25 August 2016 4 min. read

Ben Jones, a Senior Consultant at North Highland, reflects on how organisations can build and run a successful BI operation.

Now that Big Data is driving big companies, Visual Analytics is seen on more CVs, and Predictive Analytics is predicted to be the next big thing, there has never been a better time for strategic Business Intelligence (BI) investments. However, actually writing the business case can be one of the most significant hurdles.

This is often caused by a lack of unilateral buy-in, difficulties discussing technical complexities with the C-suite, and a gap between leadership opinions of BI capability (generally that it works well enough) and user opinions of BI capability (often that key information is missing, low quality or untrustworthy).

These are seven ways you can help you build a successful BI investment that is compelling, collaborative, and focused on driving benefit across your business.

North Highland - Business Intelligence

The benefits of strategic data investments are rarely contained to one area of the business. De Beers had built their data landscape organically for years without an overall approach or framework, but they found that bringing together representatives from each major function allowed them to drive bigger benefits across the board. Collaboration will not only make the funding process easier, but will make delivery and benefits measurement easier too.

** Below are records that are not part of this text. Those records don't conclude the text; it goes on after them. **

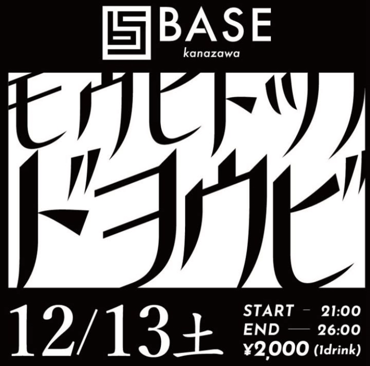モウヒトツノドヨウビ PARTY INFO Kanazawa Club Bar Night Party モウヒトツノドヨウビ DAY:2025.12.13 Sat. START:21:00 END:26:00 DOOR:2,000JPY(1drink) VENUE:BASE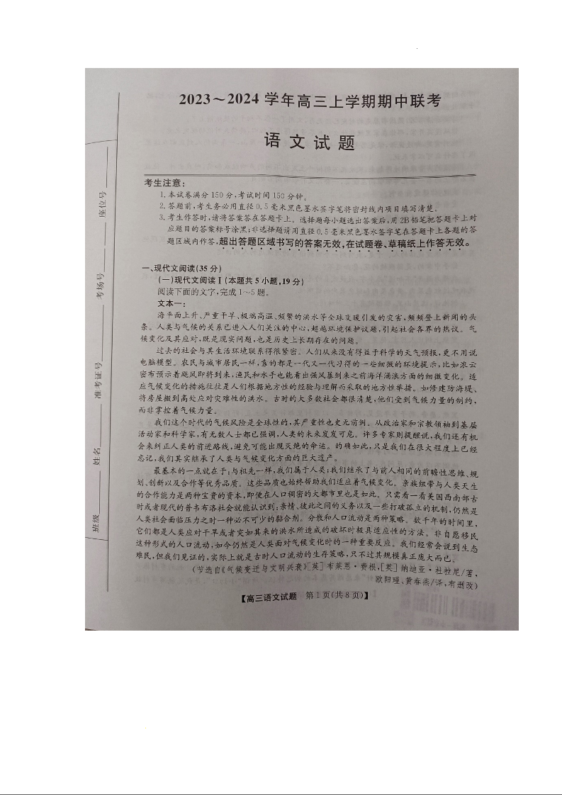 安徽省亳州市蒙城县2023—2024学年高三上学期期中联考 语文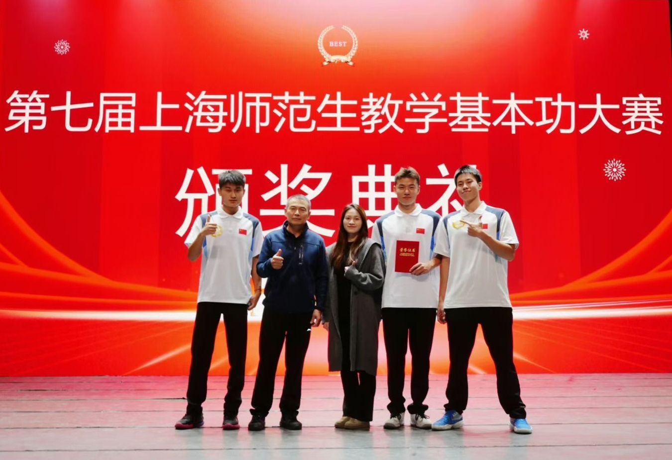 本网讯 2025年10月19日,在上海市教委举办的第七届上海师范生教学基本功大赛中,今年会体育教育学院2023级体育教育专业的三名学子,凭借扎实的功底、出色的临场发挥和昂扬的精神风貌,从众多参赛者中脱颖而出。魏家溢同学凭借其全面的综合素养和稳定的现场表现,荣获一等奖;陈鑫同学发挥出色,展现了良好的教学潜质,荣获二等奖;刘景鑫同学亦表现可圈可点,荣获三等奖,为学校赢得了荣誉!
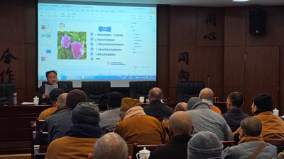 2024 年 12 月 12 日,市规划和自然资源局老科协分会的老科技工作者、市老科协牡丹文化专委会副主任杨礼通,走进彭州市委统战部培训中心会场,为彭州市各宗教寺庙的负责人举行了一场牡丹知识的交流培训。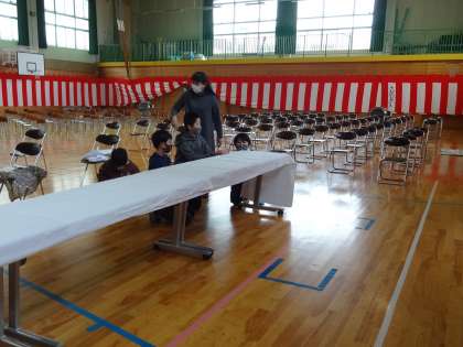 5年生の子供たちは、学校に残って、卒業式の準備をしました。校内の清掃を念入りに行い、式場や卒業生の教室等の環境整備もしっかりとやり遂げました。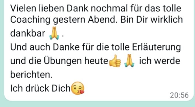 In meiner Arbeit verbinde ich fundiertes psychologisches und traumasensibles Coaching mit schamanischer Energiearbeit, Techniken der TCM, Yoga- und Körperübungen, NLP, Reiki und Breathwork.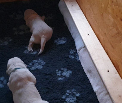 Sie sind sehr neugierig, lebhaft und unternehmungslustig, somit haben wir den Welpen Auslauf nochmals umgebaut, um mehr platz zu schaffen. Sobald die Tür des Welpen Auslaufes geöffnet ist, werden auch die restlichen Räume von den drei Rackern erkundet.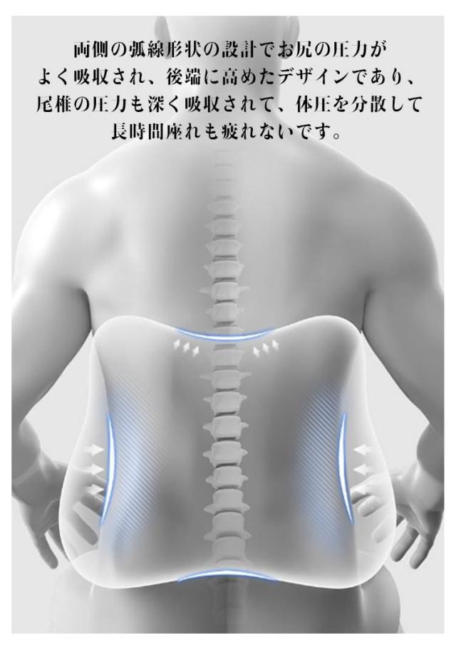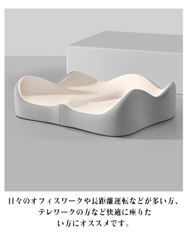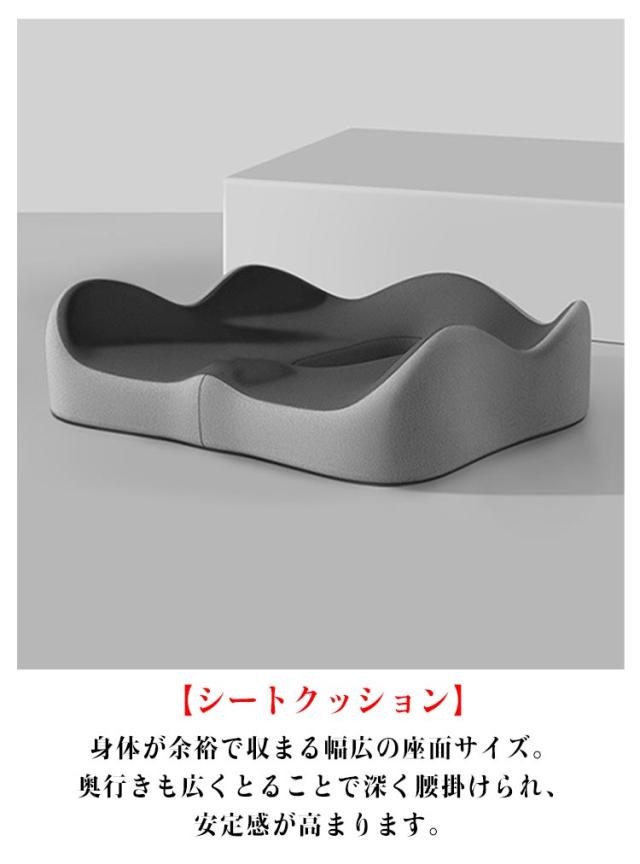 | 【シートクッション+背当てクッション 】 人間工学に基づいた設計されたクッション。 座るだけで美しい姿勢がつくれる3Dクッション。 柔らかすぎず硬すぎない適度な反発力で体圧を分散することで長時間座っていても快適です。 日々のオフィスワークや長距離運転などが多い方、テレワークの方など快適に座りたい方にオススメです。 【シートクッション】 身体が余裕で収まる幅広の座面サイズ。奥行きも広くとることで深く腰掛けられ、安定感が高まります。 前側に自然な傾斜をつけることで太ももへの体圧を軽減。背筋も自然と伸び、疲れにくい体勢を維持します。 W字型の座面と腰まで支える高めの後端が特徴的な立体フォルム。身体を包み込むようにフィットします。 【背当てクッション】 人間工学に基づいた設計された腰クッション。 人間工学に基づいた立体設計と低反発素材が自然な体勢に導き、腰や骨盤への負荷をやわらげます。 頭から腰にかけてのS字カーブをしっかり支えます。背筋が自然に伸びることで腰への負担を減らします。 両側の弧線形状の設計でお尻の圧力がよく吸収され、後端に高めたデザインであり、尾椎の圧力も深く吸収されて、体圧を分散して長時間座れも疲れないです。 | |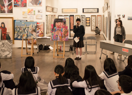 日本画、洋画、彫刻などの分野の多くの優れた作品をみて生徒たちはこれから描く自身の作品の構想に役立てていきます。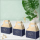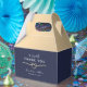 Enkelt, elegant, minimalt, modernt, modernt Blåbröllopsfack för en svensk Tack med guld-rep.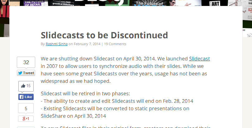 But today I’m doing that all too familiar dance of “downloading my stuff before the third party service deletes it”. Slideshare is discontinuing Slidecasts, and has tossed my stuff out on the street for me to collect, in true rom-com breakup style.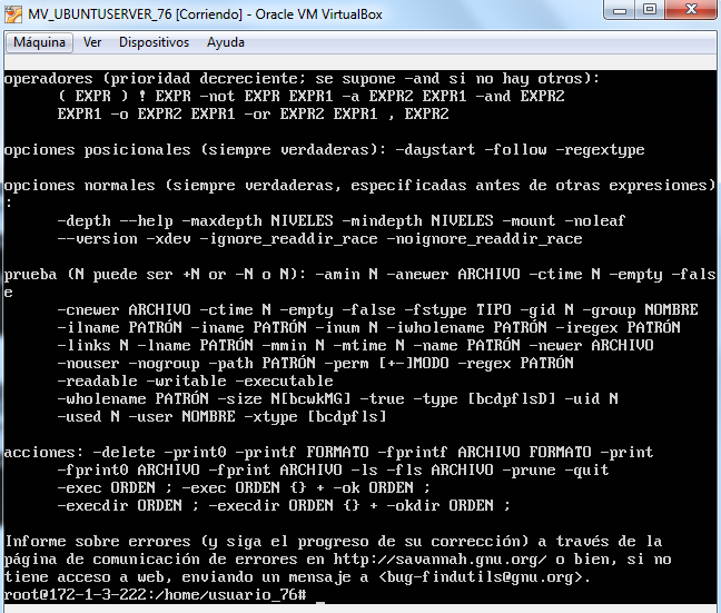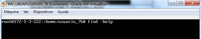 En este ejemplo vamos a ingresar el comando (find -help) y nos mostrará el archivo con el nombre aproximado.
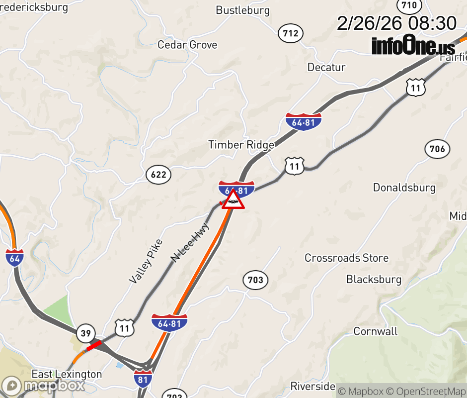 On I-81 at mile marker 195 in the County of Rockbridge, motorists can expect delays due to a tractor trailer crash. The south entrance ramp is closed. Updated: Thu 2/26/26 8:30 AM EST ![]() Updated: Thu 2/26/26 8:30 AM EST |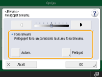 ![]() | Ir iespējams pielāgot fona blīvumu. Var salasāmi nosūtīt oriģinālus ar krāsainu fonu vai no plāna papīra, piemēra, avīzes, kur teksts un attēli spīd cauri lapai. Fona blīvuma pielāgošana |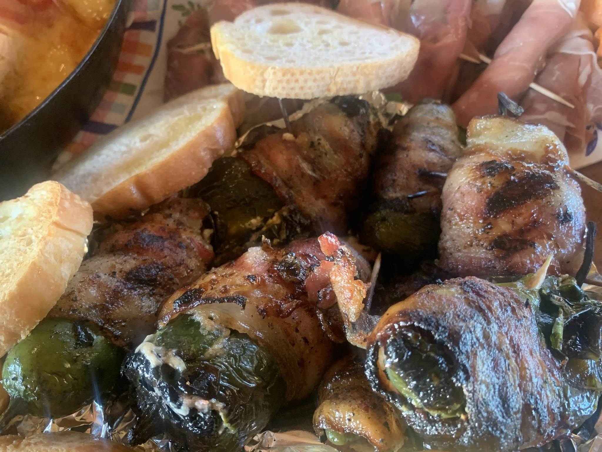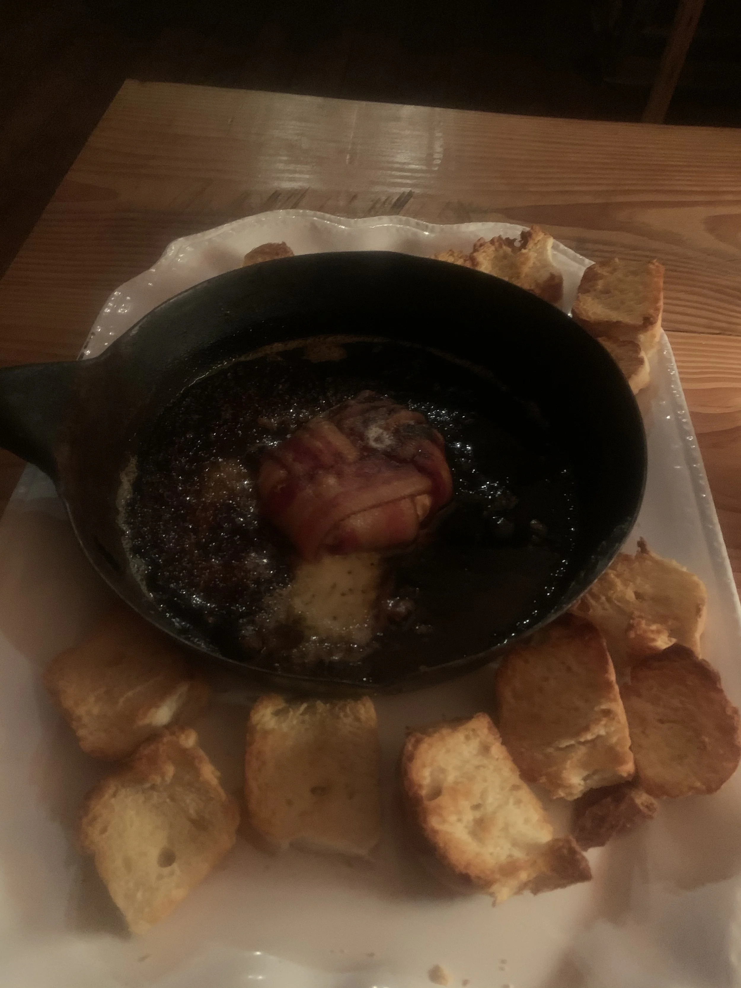 Bacon Wrapped Brie with Pepper Jelly with Crostini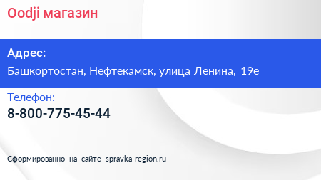 Oodji, магазин по адресу Башкортостан, Нефтекамск, улица Ленина, 19е в дальнейшем Организация, размещена в следующих категориях: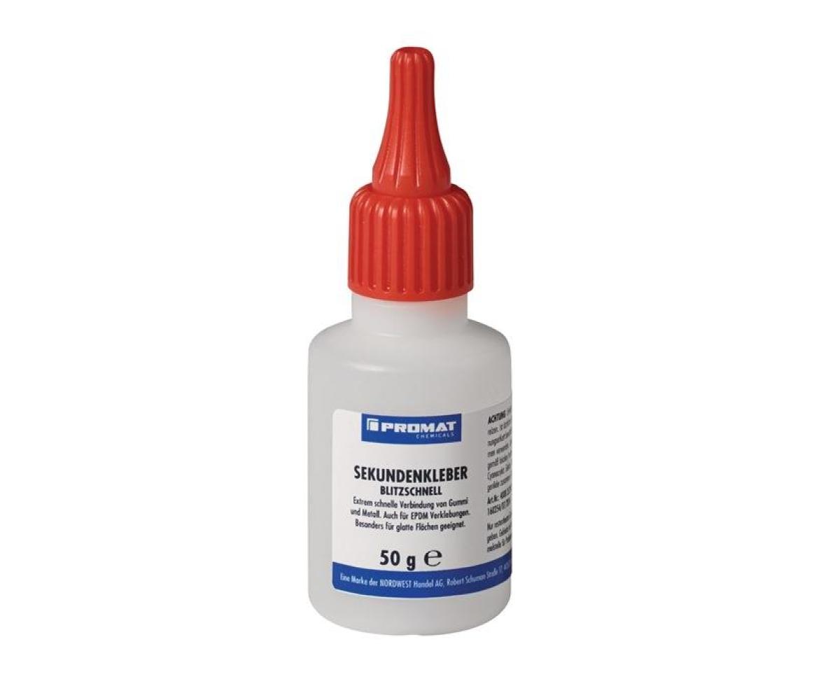 spezieller Cyanacrylatkleber · verklebt blitzschnell in nur einer Sekunde Kunststoffe und Metalle sowie deren Kombinationen · besonders geeignet für glatte Flächen · anwendbar in Elektrik- und Elektronikindustrie, Maschinenbau, Metallverarbeitung, Automobilbau, Kunststoffverarbeitung, Modellbau, Möbelindustrie u. v. a. · Viskosität: 3 bis 10 mPas (20 °C) · Spaltfüllvermögen: 0,05 mm · handfest nach: Aluminium: 5-10 Sekunden, Gummi: 2-5 Sekunden · temperaturbeständig von -50 °C bis +80 °C
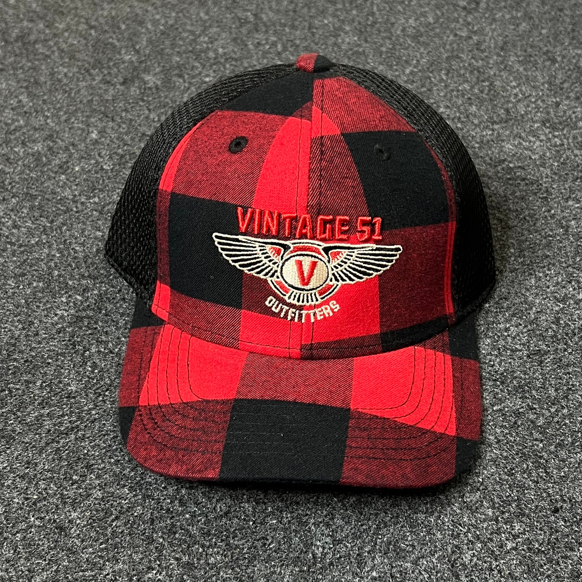 Bring classic style to your wardrobe with the Vintage 51 Plaid Mesh Back Trucker Hat. Featuring a red-and-black buffalo plaid crown, an embroidered Vintage 51 Outfitters patch with wings detail, and a breathable black mesh back, this cap blends retro-inspired design with modern comfort. Perfect for casual wear, outdoor adventures, or vintage enthusiasts.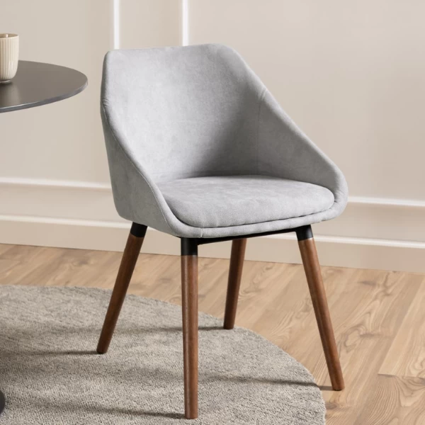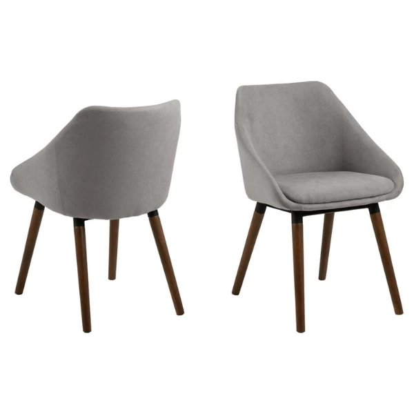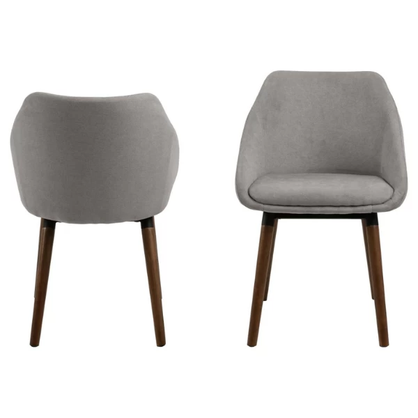 De Nils eetkamerstoel: Armleuning, Enjoy stof lichtgrijs, onderstel walnoot gebeitst NC gelakt rubberwood. Maximaal comfort en stijlvol ontwerp.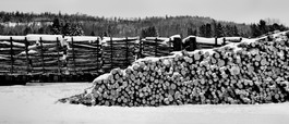 USA. Fort Kent, Maine. 2019. Woodpile.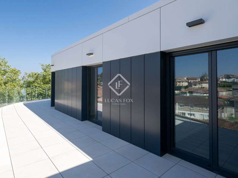 On the tranquil coast of Vigo city, in one of the most coveted areas of Oia-Canido and just minutes from the beaches of Samil, we find this unique penthouse. This is a property that not only redefines comfort but elevates it with style, light, and a constant connection to the sea. This exclusive 229 m² penthouse with a 91 m² private terrace, located in a modern, recently built development, combines contemporary design, functionality, and luxury in a single space; all with the privacy and serenity that only a setting like Canido can offer. This penthouse receives plenty of natural light because of the direction it faces. Every corner has been designed to enjoy the surroundings: a large, sunny terrace offers unobstructed sea views, making it the perfect place for leisurely breakfasts or dinners with friends at sunset. It has three bedrooms, all designed to guarantee rest and comfort. Three modern bathrooms with good finishes complement the private spaces, offering functionality without sacrificing style. There is also a study/office area that can be converted into another bedroom. The fully-equipped kitchen is designed for those who love design and fine dining. Opened up to the living room, it creates the perfect atmosphere for sharing memorable moments. Underfloor heating also provides warmth in winter without compromising the apartment’s clean aesthetic. The penthouse is part of a private development with communal green areas, a swimming pool, and direct access to a garage with two large parking spaces and a storage room. The penthouse can be reached directly by lift. This would be an ideal property for a family looking to live near Vigo city center or a couple looking to enjoy a beautiful, relaxed lifestyle near the sea with friends and family. Please contact us for further information.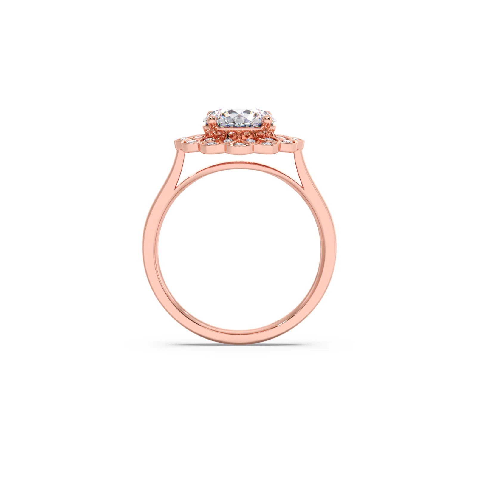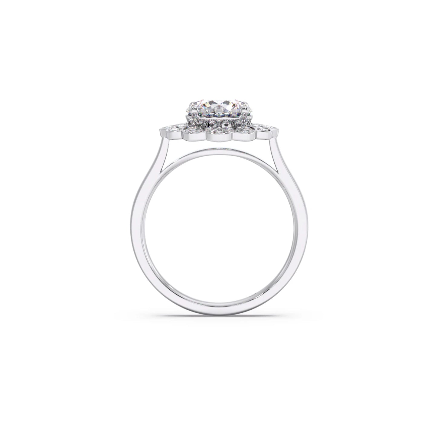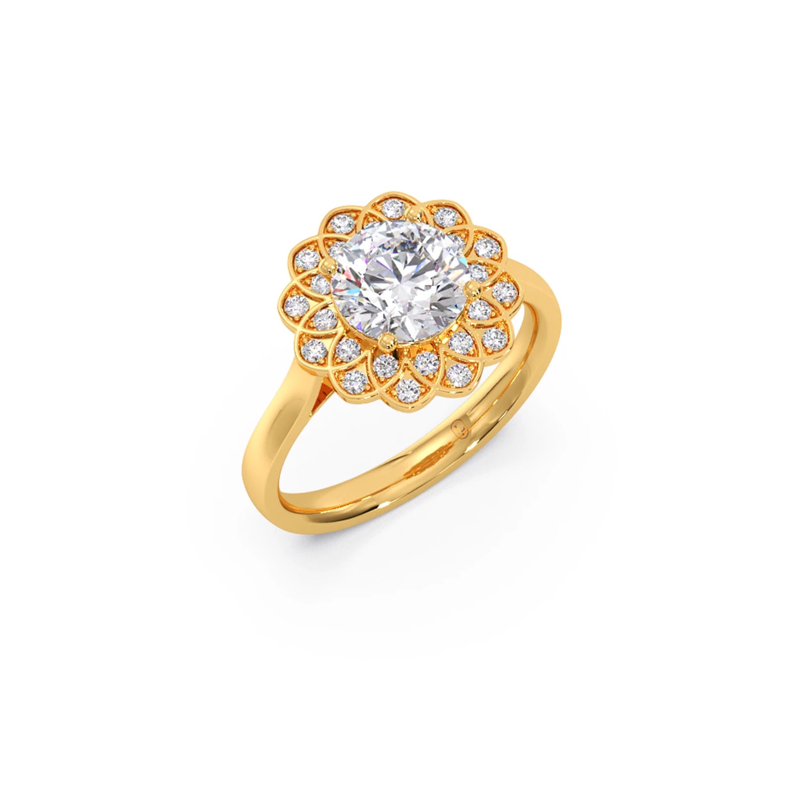 Celebrate your love story with this stunning round diamond engagement ring. Featuring a brilliant round center stone, it's encircled by a breathtaking floral halo, adding an ethereal charm. The intricate petal design enhances the diamond's radiance, creating a captivating sparkle. A symbol of enduring commitment and natural elegance.

Find out where key information comes from, how it is sorted, and who’s using it. Over a year on from a merger, Penguin Random House suffered some serious data inconsistencies. Developing a detailed understanding of their BI landscape let them paint an accurate picture of the current situation, highlight real business questions that can’t be answered today, and prioritise their investment so that high profile problem areas can be tackled first.

The road to a new strategic data platform can be long, often taking multiple years. Before defining their overall roadmap of change, the BI team at Sainsbury’s were delivering tactical initiatives to enhance their BI capabilities with little long-term planning or visibility of where they were heading. Having the steps on the roadmap outlined allowed them to highlight key issues and solve them. In particular, it’s a good idea to focus on how your business will operate during transitional phases when information in different systems may be contradictory.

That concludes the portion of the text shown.